Problem details
Repeat the whole listing word for word, skipping pictures.

• • • • • • •

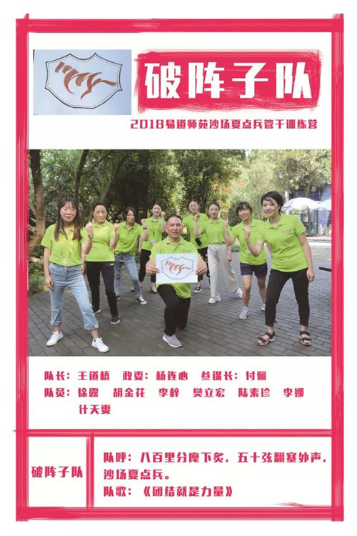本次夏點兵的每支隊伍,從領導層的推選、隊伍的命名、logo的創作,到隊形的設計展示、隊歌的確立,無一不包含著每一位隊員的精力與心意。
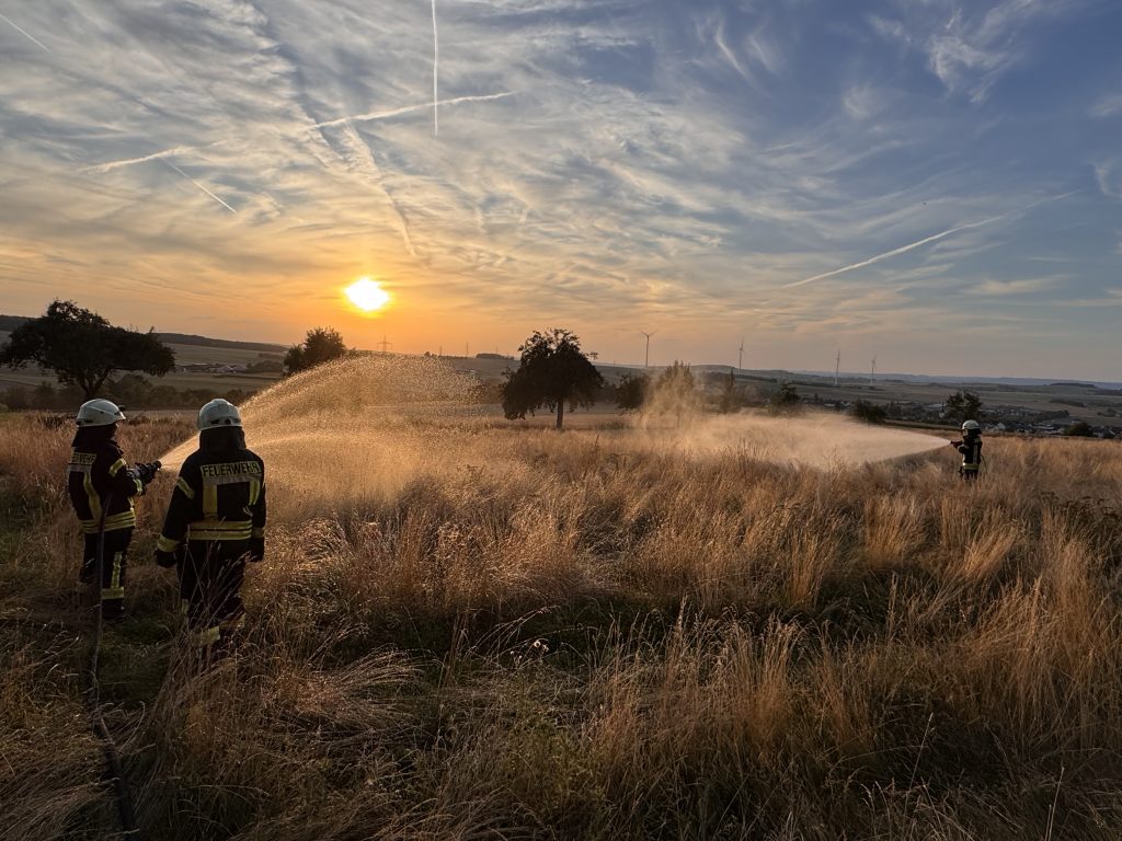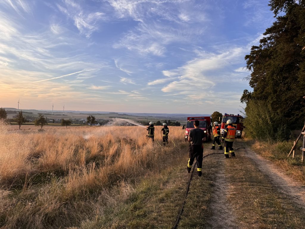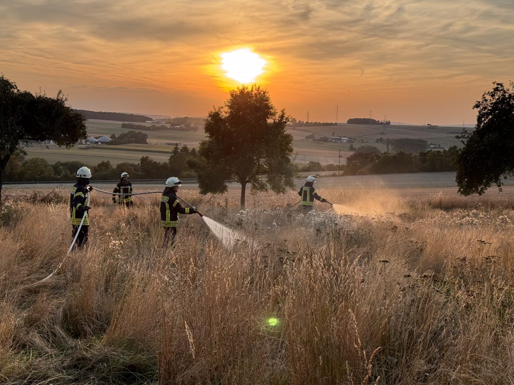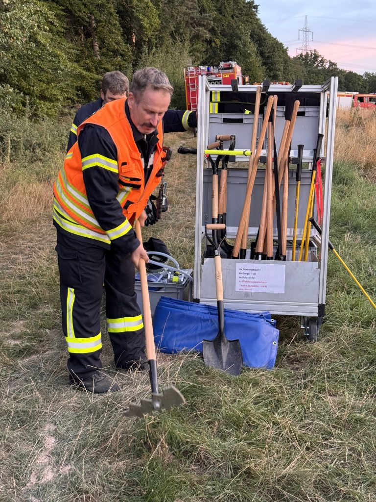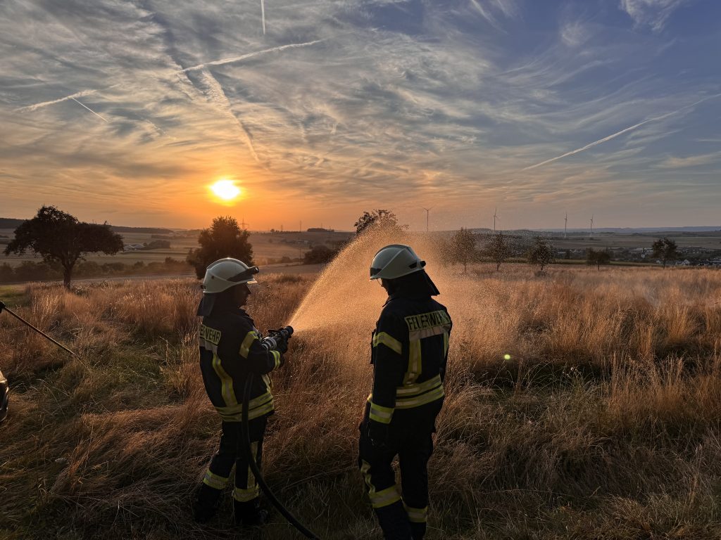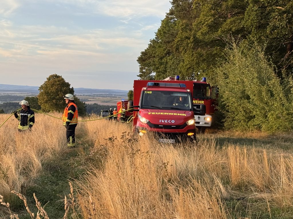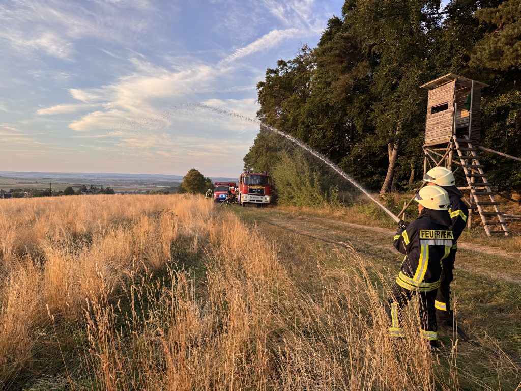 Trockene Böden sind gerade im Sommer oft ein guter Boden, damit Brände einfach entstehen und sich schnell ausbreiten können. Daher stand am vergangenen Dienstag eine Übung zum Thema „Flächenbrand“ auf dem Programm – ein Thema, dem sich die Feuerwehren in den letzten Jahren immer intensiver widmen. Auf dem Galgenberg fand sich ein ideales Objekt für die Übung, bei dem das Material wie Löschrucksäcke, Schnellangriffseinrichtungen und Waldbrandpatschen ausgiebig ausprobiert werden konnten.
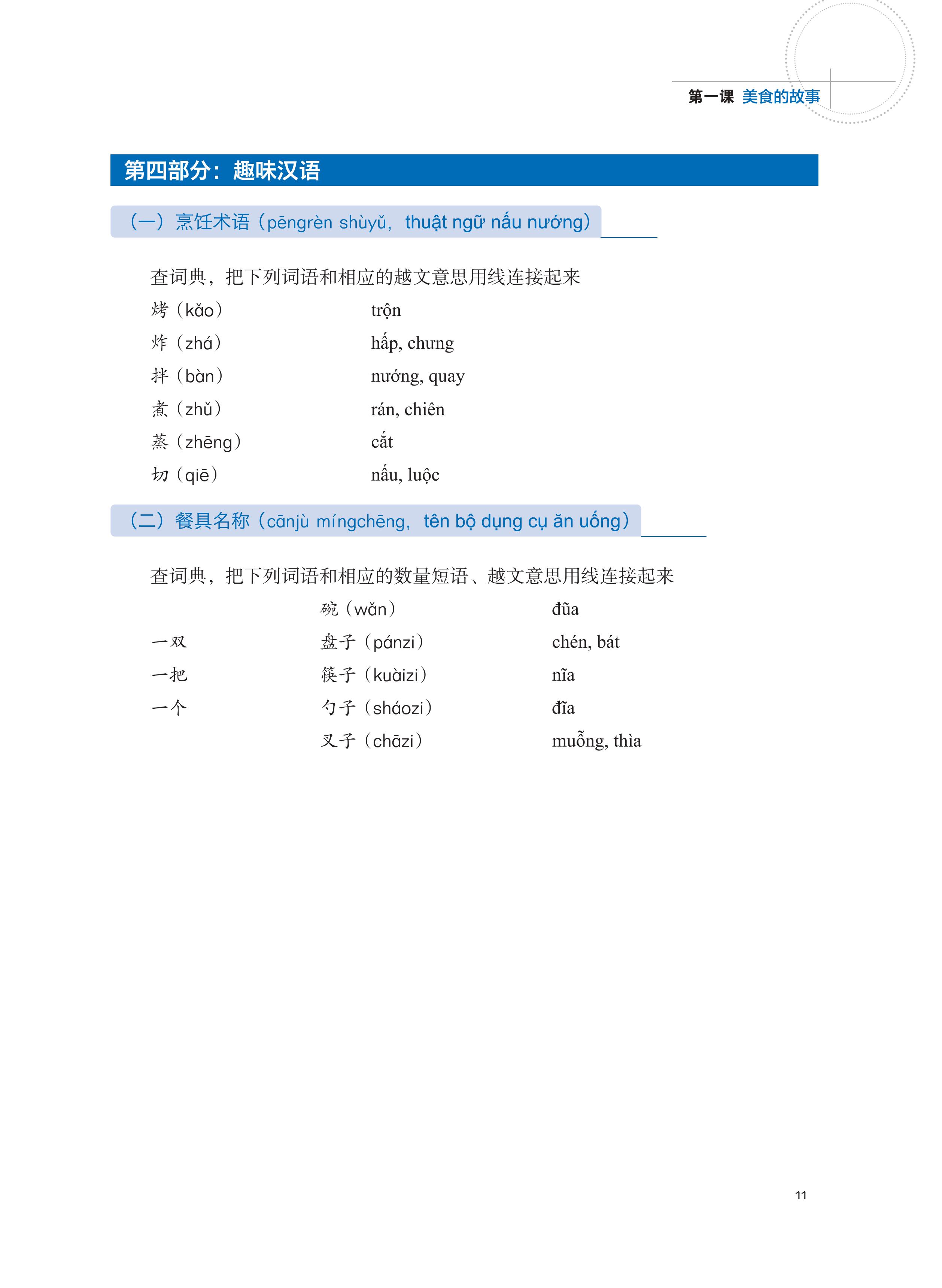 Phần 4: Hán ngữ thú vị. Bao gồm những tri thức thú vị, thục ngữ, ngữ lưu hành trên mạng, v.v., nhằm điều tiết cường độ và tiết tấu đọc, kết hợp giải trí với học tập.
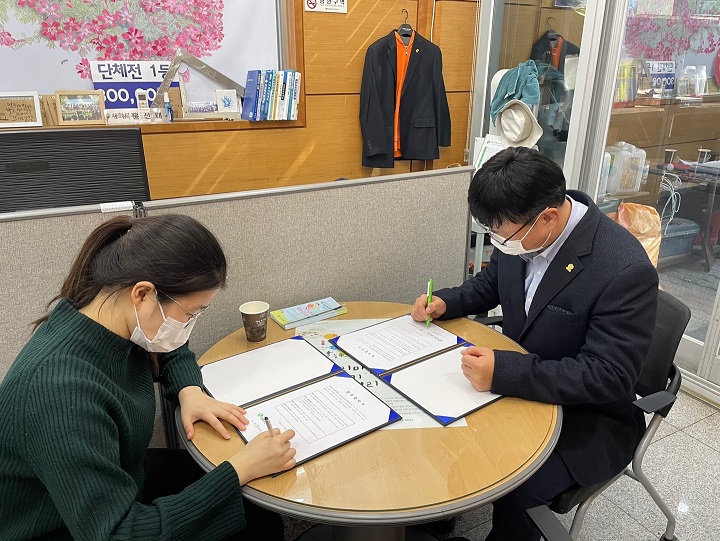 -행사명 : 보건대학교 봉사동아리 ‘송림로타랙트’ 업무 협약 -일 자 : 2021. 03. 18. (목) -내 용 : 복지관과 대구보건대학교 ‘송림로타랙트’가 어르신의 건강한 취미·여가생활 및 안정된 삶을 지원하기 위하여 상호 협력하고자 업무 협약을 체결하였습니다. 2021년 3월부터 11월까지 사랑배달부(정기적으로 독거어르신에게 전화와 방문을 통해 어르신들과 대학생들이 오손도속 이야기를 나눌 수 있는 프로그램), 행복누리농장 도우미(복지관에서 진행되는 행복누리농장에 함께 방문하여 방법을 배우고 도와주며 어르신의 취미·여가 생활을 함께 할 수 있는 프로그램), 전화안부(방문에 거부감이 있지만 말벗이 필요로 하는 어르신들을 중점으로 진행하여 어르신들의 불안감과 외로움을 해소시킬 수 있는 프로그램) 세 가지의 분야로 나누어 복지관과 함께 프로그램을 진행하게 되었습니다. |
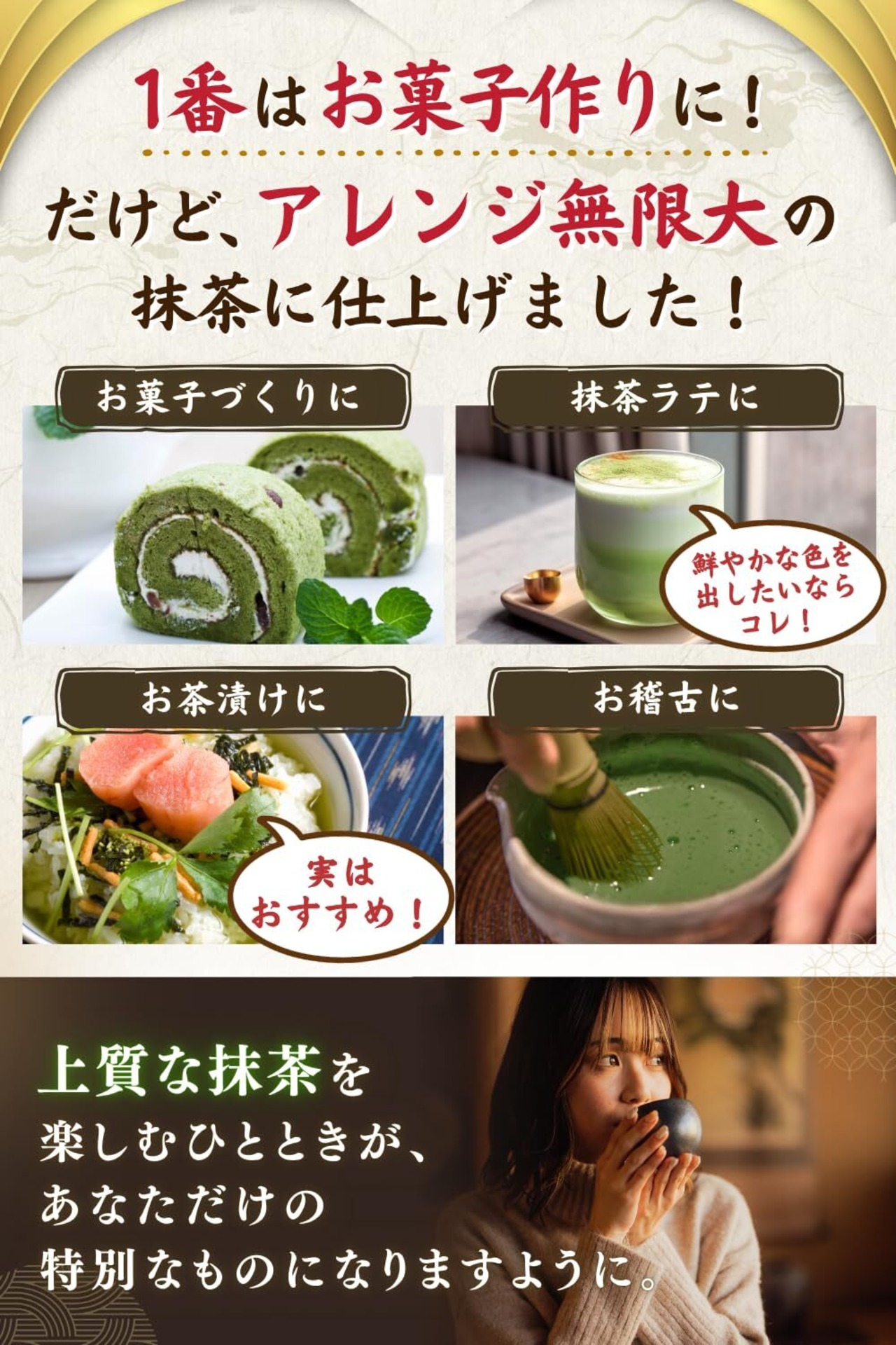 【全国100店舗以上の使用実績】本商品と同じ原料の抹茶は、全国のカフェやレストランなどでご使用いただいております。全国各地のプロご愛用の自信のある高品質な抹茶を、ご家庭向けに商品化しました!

• • • • • • •

Solved exercise
本次夏點兵的每支隊伍,從領導層的推選、隊伍的命名、logo的創作,到隊形的設計展示、隊歌的確立,無一不包含著每一位隊員的精力與心意。
 Trockene Böden sind gerade im Sommer oft ein guter Boden, damit Brände einfach entstehen und sich schnell ausbreiten können. Daher stand am vergangenen Dienstag eine Übung zum Thema „Flächenbrand“ auf dem Programm – ein Thema, dem sich die Feuerwehren in den letzten Jahren immer intensiver widmen. Auf dem Galgenberg fand sich ein ideales Objekt für die Übung, bei dem das Material wie Löschrucksäcke, Schnellangriffseinrichtungen und Waldbrandpatschen ausgiebig ausprobiert werden konnten.
 Phần 4: Hán ngữ thú vị. Bao gồm những tri thức thú vị, thục ngữ, ngữ lưu hành trên mạng, v.v., nhằm điều tiết cường độ và tiết tấu đọc, kết hợp giải trí với học tập.
 -행사명 : 보건대학교 봉사동아리 ‘송림로타랙트’ 업무 협약 -일 자 : 2021. 03. 18. (목) -내 용 : 복지관과 대구보건대학교 ‘송림로타랙트’가 어르신의 건강한 취미·여가생활 및 안정된 삶을 지원하기 위하여 상호 협력하고자 업무 협약을 체결하였습니다. 2021년 3월부터 11월까지 사랑배달부(정기적으로 독거어르신에게 전화와 방문을 통해 어르신들과 대학생들이 오손도속 이야기를 나눌 수 있는 프로그램), 행복누리농장 도우미(복지관에서 진행되는 행복누리농장에 함께 방문하여 방법을 배우고 도와주며 어르신의 취미·여가 생활을 함께 할 수 있는 프로그램), 전화안부(방문에 거부감이 있지만 말벗이 필요로 하는 어르신들을 중점으로 진행하여 어르신들의 불안감과 외로움을 해소시킬 수 있는 프로그램) 세 가지의 분야로 나누어 복지관과 함께 프로그램을 진행하게 되었습니다. |
 【全国100店舗以上の使用実績】本商品と同じ原料の抹茶は、全国のカフェやレストランなどでご使用いただいております。全国各地のプロご愛用の自信のある高品質な抹茶を、ご家庭向けに商品化しました!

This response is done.